I was stationed as a permanent party USAF officer in Iceland assigned to Detachment One of the 552d Airborne Warning and Control Wing which flew the latest AWACs out of Iceland to help defend the GI-UK (Greenland, Iceland, United Kingdom) gap. Russian TU-95 four-engine turbo-prop Bear bombers flew non-stop over the GI-UK gap, at jet speeds (550-575 mph) from Murmansk in what was then the Soviet Union, on a regular basis, en route to visually and electronically surveilling and reconnoitering — spying on — the East Coast of the United States, and then landing in communist-controlled Cuba.
Russian TU-95 “Bear” Bomber (courtesy of Wikipedia and RAF).
That memorable morning just before Christmas in 1978, I was the Supervisor of Flying (SOF) for all USAF military aircraft at Keflavik AB, which was both an Icelandic commercial airport and U.S. military installation. As SOF, I double-checked all the flight information for the AWACS aircraft, visually checked that the aircraft were ready for take off and flight, and surveyed the airport and runway environment to make sure there were no hazards to the aircraft or crew. Because the weather was rapidly deteriorating that morning, I also checked all the alternates for the AWACS in England and Scotland.
Supervisor of Flying (SOF)
AWACS (Photo courtesy of the USAF).
I was comfortable in my Command Vehicle, a new British Range Rover, vintage 1978, equipped with a plethora of radios that connected me to everyone on the airfield, including the control tower and the U.S. military Command Post. Externally, the vehicle had a constantly flashing yellow light so that I could be easily seen and identified by the tower and the aircraft I inspected. There were external blue and red lights and sirens, which came into play when we launched the alert E3 aircraft or there was an emergency. All in all it was a very comfortable and functional mobile airfield office. But this morning I had a welcome addition. My boss, Major General-selectee John L. (Pete) Piotrowski, the 552nd Wing Commander, had stopped by on his way from Japan, en route the long way home to the AWACS base, Tinker AFB in Oklahoma.
For many officers (I was just a major at the time), having your General Officer boss onboard might have been intimidating, but not for me. General Piotrowski was a valued mentor and friend as well as a true gentleman and professional USAF officer of the highest caliber, and frankly, I welcomed his presence and experience. I was happy he had come to personally check out the very first AWACS detachment. Little did I know how pivotal his presence would be that cold, dark and blustery Icelandic morning.
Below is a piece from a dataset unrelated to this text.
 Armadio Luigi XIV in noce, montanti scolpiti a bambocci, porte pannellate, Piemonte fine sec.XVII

There were two full crews aboard the AWACS aircraft I had just checked and cleared for departure, a senior crew in the cockpit and two mission crews that would get some much needed training on the way back to Tinker, so they would not go “non-current” over the Christmas holidays. Crews typically deployed to Iceland from Tinker AFB for a 10-day tour and then rotated back to CONUS and then to other disparate operation locations around the globe.
(Courtesy of the USAF).
Weather and planning-wise, Iceland was the most challenging for the E3 aircrews because of the annual snowfall of 311 inches and the siren call of suitable and weather-wise more hospitable alternates, with proper facilities and security arrangements, which were more than a hour away in England and Scotland, so planning was key. However, that morning all the crew was thinking about was getting home and enjoying the holidays (we called it “gethomeitis”) and, unfortunately, it played a key role in that mornings near catastrophe. I, of course, wanted to impress my boss with my thoroughness and professionalism, so I was double- and triple-checking every little detail.
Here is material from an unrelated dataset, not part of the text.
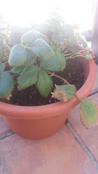 Hace unos días me dieron la información de que le faltaba nitrógeno a mis plantas de frutilla/fresa. Les puse un fertilizante con nitrógeno pero se siguen poniendo así las hojas... Alguien sabe qué más puedo hacer? Gracias 🙌

Remember, 1978 was the same year the first fully operational, non-test, GPS satellite was launched into MEO orbit, so there were no GPS receivers on the AWACS aircraft. Instead, at that time the prevailing technology called for precisely surveyed aircraft parking spots on the ramp. The coordinates of these spots were typically entered into the E3’s INSs (inertial navigation systems) before they taxied for takeoff. Because the departing AWACs were nominally always parked in the same spots near the prevailing runway for a quick reaction or alert takeoff, the procedure quickly became routine for the AWACs flight crews. This routine also contributed to the nearly catastrophic incident that blustery and memorable morning.
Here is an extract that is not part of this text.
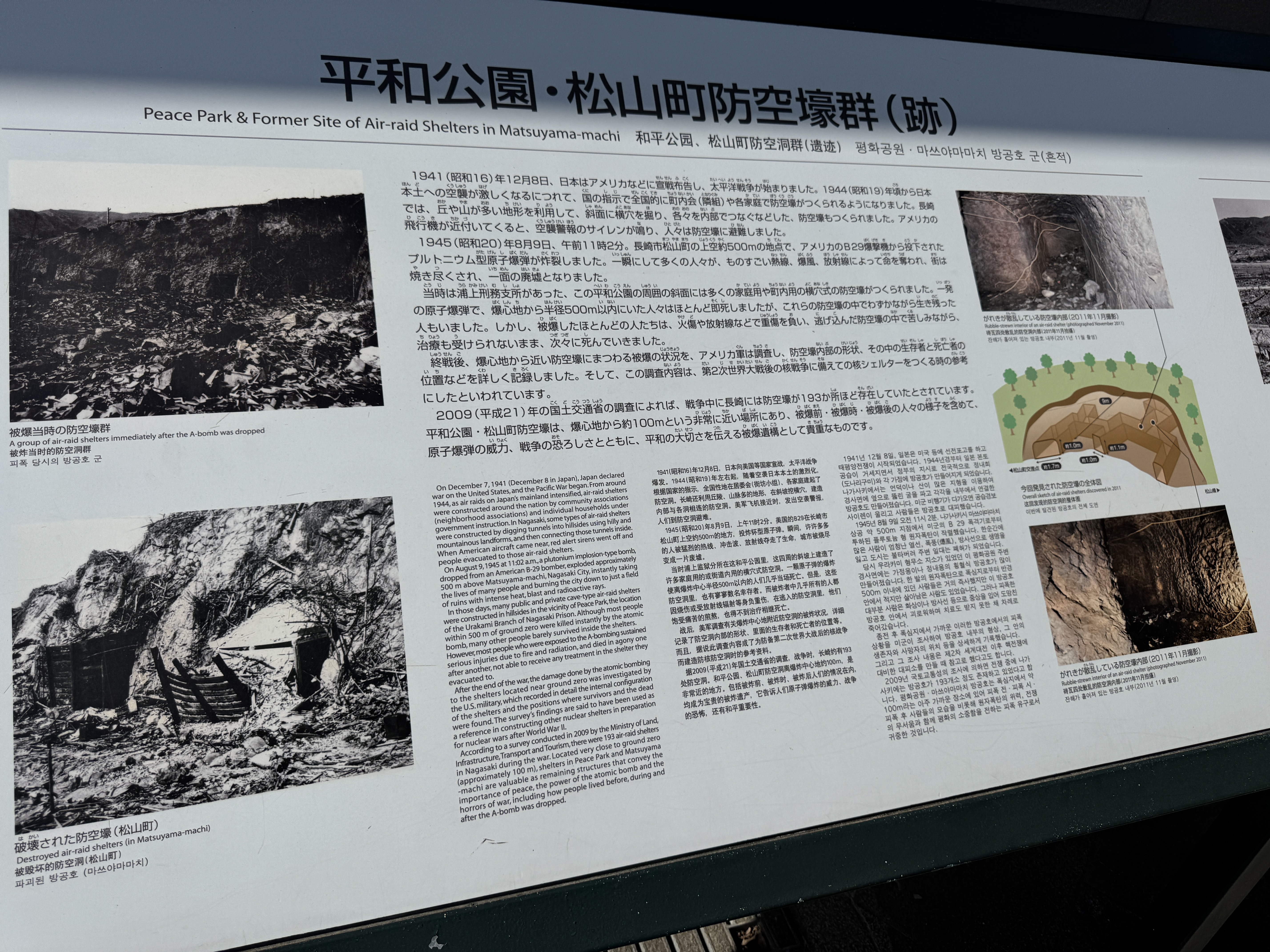 평화공원에서 도로를 건너면 나가사키에 원자폭탄이 떨어진 곳에 조성된 폭심지 공원이 있다. 공원입구의 알림판 내용을 보면 제 1공격 목표는 고쿠라시였지만 날씨가 좋지 않아 제2목표인 나가사키에 원자폭탄이 떨어졌다고 설명하고 있었다.

Even with the deteriorating weather and the gusty winds, there appeared to be no reason why the E3 should not depart on schedule. Then, just five minutes before scheduled take off, the wind shifted dramatically and suddenly to an easterly direction. The tower immediately “turned the airfield around” and cleared the E3 for a takeoff to the east – the only problem was the aircraft was already lined up on the prevailing runway ready for a routine westerly departure. So the Icelandic controllers in the Keflavik tower promptly cleared the E3 for a rapid taxi down the active runway, so they could turn around (180 degrees) on the other end and still make an on-time takeoff. This was actually rather a common occurrence for those of us who were permanent party, so no one was concerned.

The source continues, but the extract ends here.